«Ingombranti, questi martiri del Marocco?» è la domanda che fa da titolo a un articolo dello storico Pierre Moracchini uscito sull’ultimo numero de «Le Messager de Saint Antoine»; la vicenda dei cinque frati francescani uccisi a Marrakesh nel gennaio del 1220 è dolorosa, confusa, controversa, e soprattutto senza lieto fine.
Non ha la luminosa aura positiva che circonda l’incontro di Francesco con il sultano a Damietta; è una pagina che si è spesso tentati di archiviare in fretta. Vale la pena, invece — scrive lo studioso francese — cercare di capire quanto ha inciso questo episodio nell’immaginario collettivo dell’epoca attraverso un attento vaglio delle fonti, cercando di evitare il più possibile giudizi sommari ed errori di prospettiva. Di fatto, Ottone Petricchi da Stroncone, Berardo dei Leopardi da Calvi, Pietro dei Bonati da San Gemini, Adiuto e Accursio Vacutio da Narni divennero i primi martiri dell’ordine fondato dal Poverello di Assisi.
Venerati da subito come santi dai confratelli (e con un certo disappunto, sembrerebbe, da parte dello stesso Francesco che ne proibì la celebrazione e anche la lettura della Cronaca) erano nati tutti in una delle zone più frequentate dal Poverello, che transitò nella valle ternana almeno cinque volte dal 1209 al 1226, soggiornando a Piediluco, Collescipoli, Stroncone, Sant’Urbano, Calvi, Narni, San Gemini, Cesi, Acquasparta, Amelia, Lugnano, Alviano, Orvieto e Baschi.
«Il loro martirio — scrive Pierre Moracchini — è avvenuto in mezzo a due fatti che per noi, cristiani del ventunesimo secolo, appaiono come una prefigurazione di come concepiamo l’evangelizzazione oggi, vale a dire un annuncio di Gesù Cristo inseparabile da un profondo rispetto per l’altro».
Il primo fatto è l’incontro di Damietta (avvenuto nel 1219), l’altro è la redazione di una prima Regola nel 1221 — diversa da quella che seguono gli attuali ordini francescani — che contiene un capitolo, il sedicesimo, dedicato ai fratelli «che vanno dai saraceni e dagli infedeli».

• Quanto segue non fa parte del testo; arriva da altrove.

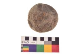 | Description / विवरण | Specimen of a roughly round shaped hammerstone with smooth texture. It is brownish in colour and round in cross section. |
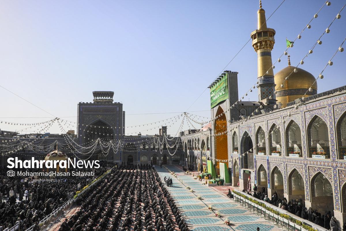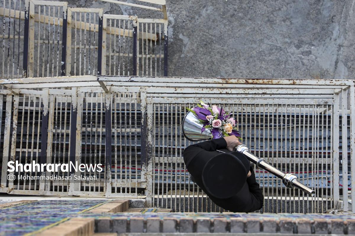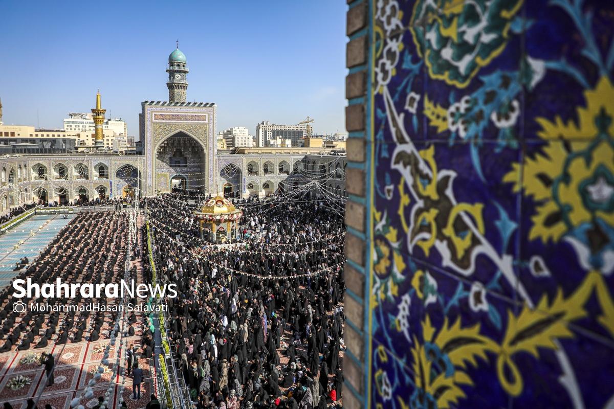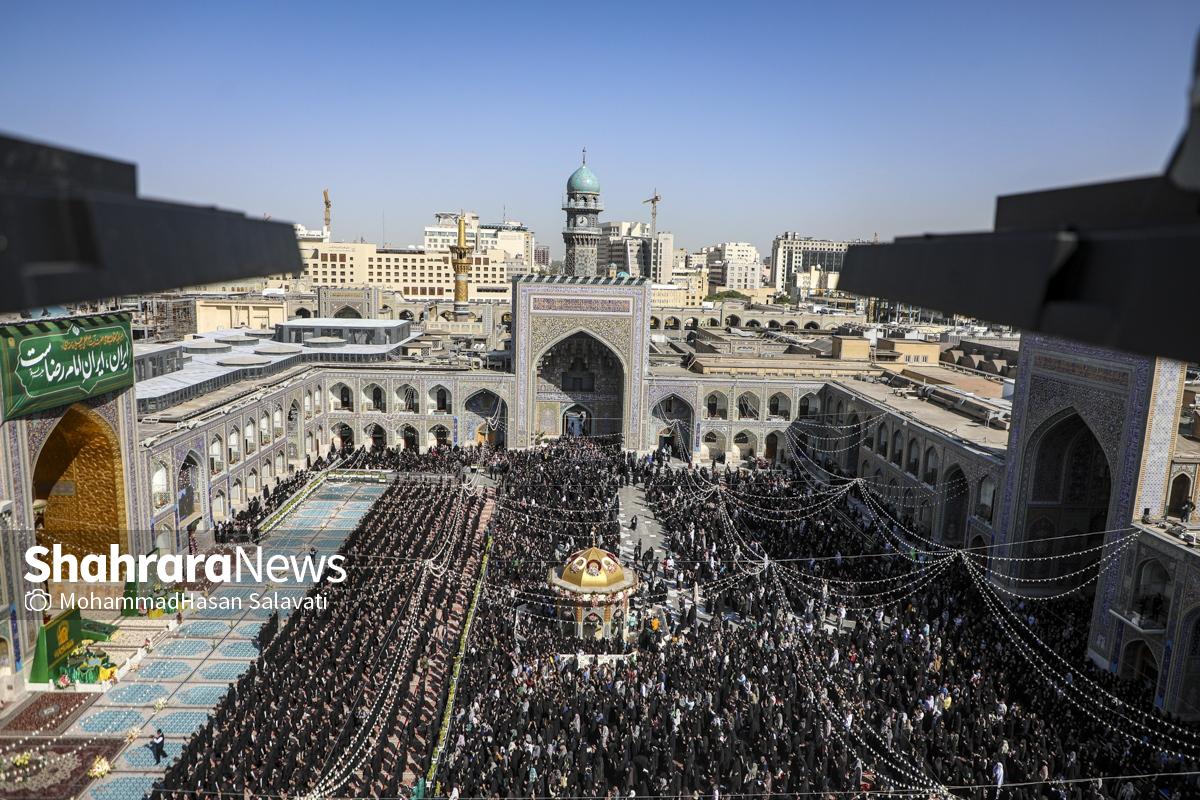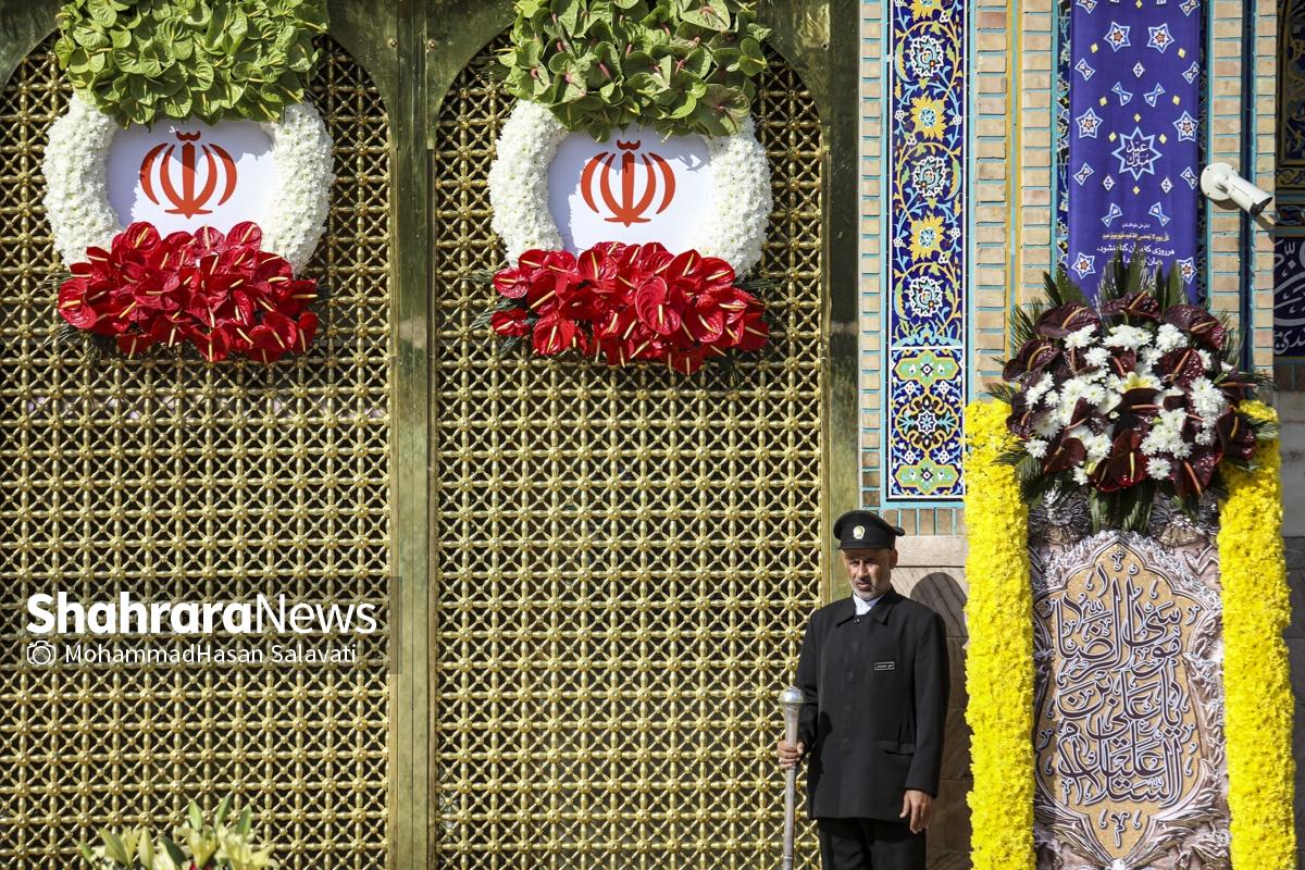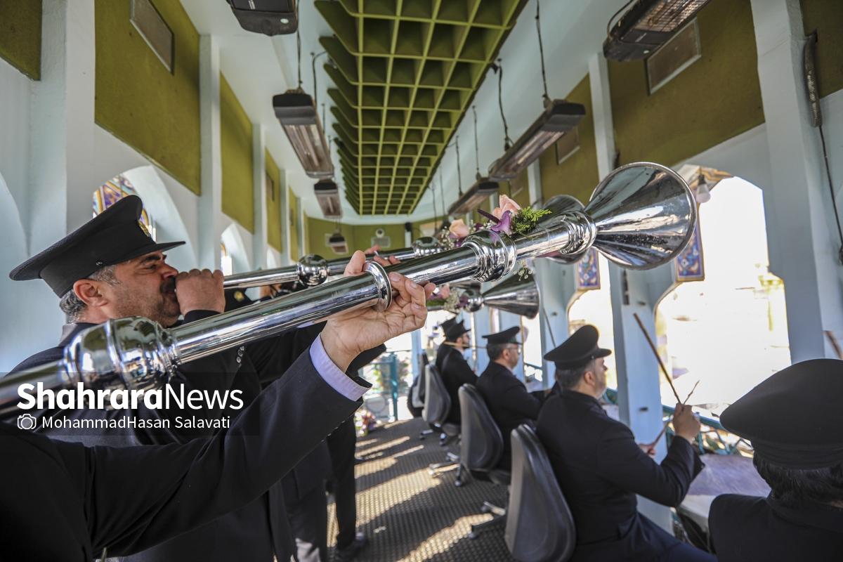 مراسم تعویض پرچم گنبد حرم مطهر ثامن الحجج (ع) صبح امروز (۹ اردیبهشت ۱۴۰۵) همزمان با سالروز ولادت آن حضرت با حضور جمع کثیری از خادمان، زائران و مجاوران بارگاه منور رضوی برگزار و نقارههای حرم مطهر نیز نواخته شد.

Un testo simile, fa notare Pierre Moracchini, «non era mai apparso in alcuna regola religiosa ed è certamente stato ispirato dall’esperienza personale di Francesco, dal suo incontro con il sultano».
Rileggiamo qualche passaggio: «se un frate per ispirazione divina, vuole andare dai saraceni e dagli altri infedeli, vada con il permesso di un suo superiore». I fratelli che vogliono “vivere spiritualmente” possono comportarsi in due modi, prima di tutto «non facendo liti o dispute, ma essendo sottomessi ad ogni creatura umana a causa di Dio, dicendo apertamente di essere cristiani». L’altro modo è «quando piace al Signore», annunciare la Parola. Oggi, questo capitolo della prima Regola non cessa di essere letto, meditato e commentato. Secondo una fonte tarda, del xiv secolo, alla notizia della morte dei missionari Francesco avrebbe esclamato «trasportato dalla gioia del suo spirito: “adesso posso veramente dire di avere cinque fratelli”» e Chiara avrebbe detto alle consorelle di voler imitare prima possibile il loro esempio. In una cronaca più antica, scritta da Giordano da Giano, Francesco commenta la morte dei suoi confratelli con una frase più criptica: «Che ciascuno sia glorificato per la sua propria passione e non per quella degli altri», forse una velata critica “sete di martirio” fine a se stessa.
Ma se esiste un frutto innegabilmente positivo dei fatti di Marrakesh, chiosa Pierre Moracchini, «è semplicemente Antonio, il nostro Antonio. L’autore della Legenda assidua racconta lo shock che subì il canonico di santa Croce di Coimbra, che allora si chiamava ancora Fernando, all’arrivo dei corpi dei cinque martiri rimpatriati dal Marocco. Un vero colpo di fulmine. Fernando prende il nome di Antonio e diventa francescano, soprattutto per poter raggiungere prima possibile il Marocco e conquistare la palma del martirio». Dovrà seguire poi un cammino misterioso, attraversando imprevisti, contrattempi e malattie, che lo renderà disponibile a un’altra forma di vita francescana, quella che farà di lui un grande predicatore. Oggi sant’Antonio è amato e venerato in tutto il mondo: nella vecchia Europa, nel cattolicissimo Sud America ma anche tra gli indù in India e tra i musulmani in Turchia e in Libano. «Dove è passato l’uomo — amano dire con orgoglio i suoi figli spirituali — lì un’immagine di Antonio lo documenta».